Transurethral Resection of the Prostate (TURP) Versus Original and PErFecTED Prostate Artery Embolization (PAE) Due to Benign Prostatic Hyperplasia (BPH): Preliminary Results of a Single Center, Prospective, Urodynamic-Controlled Analysis

  • Francisco C. Carnevale
  • Alexandre Iscaife
  • Eduardo M. Yoshinaga
  • Airton Mota Moreira
  • Alberto A. Antunes
  • Miguel Srougi
Clinical Investigation

Abstract

Purpose

To compare clinical and urodynamic results of transurethral resection of the prostate (TURP) to original and PErFecTED prostate artery embolization (PAE) methods for benign prostatic hyperplasia.

Methods

We prospectively randomized 30 patients to receive TURP or original PAE (oPAE) and compared them to a cohort of patients treated by PErFecTED PAE, with a minimum of 1-year follow-up.
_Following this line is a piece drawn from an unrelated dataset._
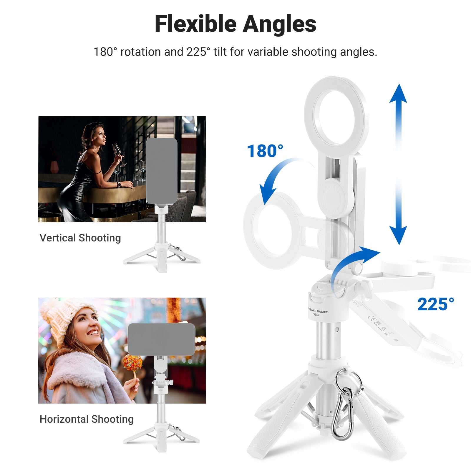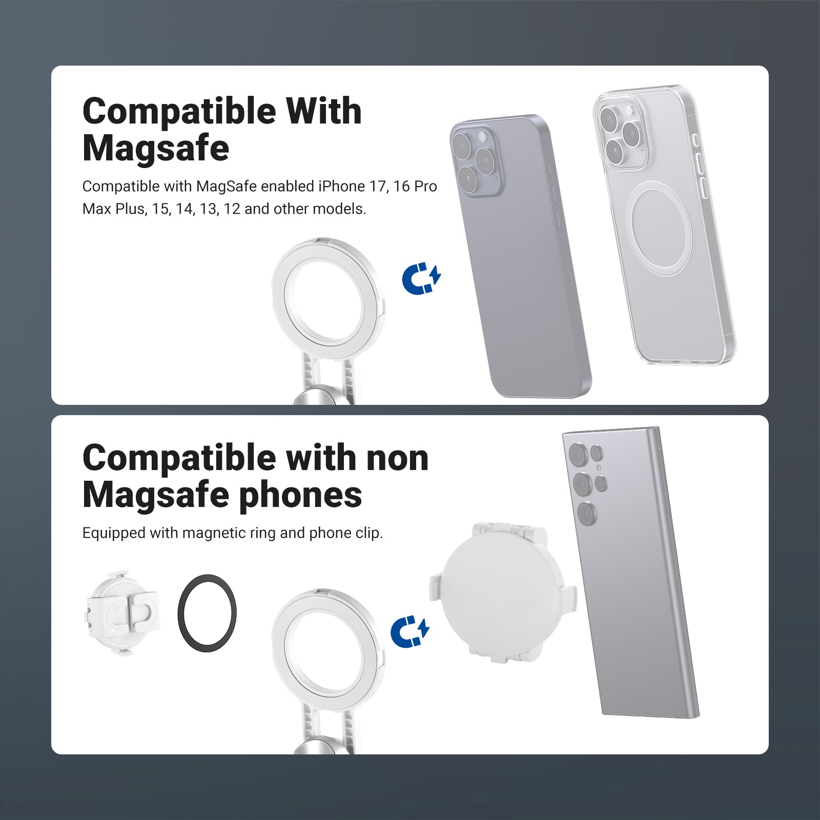 - 360° Universal Phone Holder- With a 2.4"-3.3"/60-85mm opening range, the phone clamp is compatible with iPhone 16 Pro Max iPhone 15 Pro Max Samsung Galaxy S24 Ultra and other smartphones. The 360° rotation allows for vertical and horizontal shooting, while the 225° tilt offers variable camera angles

Patients were assessed for urodynamic parameters, prostate volume, international prostate symptom score (IPSS), and quality of life (QoL).

Results

All groups were comparable for all pre-treatment parameters except bladder contractility and peak urine flow rate (Q max), both of which were significantly better in the TURP group, and IIEF score, which was significantly higher among PErFecTED PAE patients than TURP patients. All groups experienced significant improvement in IPSS, QoL, prostate volume, and Q max. TURP and PErFecTED PAE both resulted in significantly lower IPSS than oPAE but were not significantly different from one another. TURP resulted in significantly higher Q max and significantly smaller prostate volume than either original or PErFecTED PAE but required spinal anesthesia and hospitalization. Two patients in the oPAE group with hypocontractile bladders experienced recurrence of symptoms and were treated with TURP. In the TURP group, urinary incontinence occurred in 4/15 patients (26.7 %), rupture of the prostatic capsule in 1/15 (6.7 %), retrograde ejaculation in all patients (100 %), and one patient was readmitted for temporary bladder irrigation due to hematuria.

Conclusions

TURP and PAE are both safe and effective treatments. TURP and PErFecTED PAE yield similar symptom improvement, but TURP is associated with both better urodynamic results and more adverse events.

Keywords

Embolization/embolisation/embolotherapy Therapy Prostate Urinary tract 

Abbreviations

BPH

Benign prostatic hyperplasia

BCI

Bladder contractility index

BOO

Bladder outlet obstruction

BOOI

Bladder outlet obstruction index

CT

Computed tomography

Pdet

Detrusor muscle pressure

DRE

Digital rectal examination

DSA

Digital subtraction angiography

ED

Erectile dysfunction

IVA

Inferior vesical artery

IVO

Infravesical obstruction

IRB

Institutional review board

IIEF-5

International index of erectile function

IPSS

International prostate symptom score

LUTS

Lower urinary tract symptoms

MRI

Magnetic resonance imaging

Qmax

Maximum urinary flow rate

oPAE

Original PAE method

PVR

Post-void residual urine volume

PAE

Prostate artery embolization

PSA

Prostate specific antigen

PErFecTED

Proximal embolization first then embolize distal method of PAE

QoL

Quality of life

TRUS

Transrectal ultrasound

TURP

Transurethral resection of the prostate

Notes

Acknowledgments

The authors thank Vanessa Cristina de Paula Rodrigues, Sardis Honoria Harward, and Andre Moreira de Assis for their important collaboration.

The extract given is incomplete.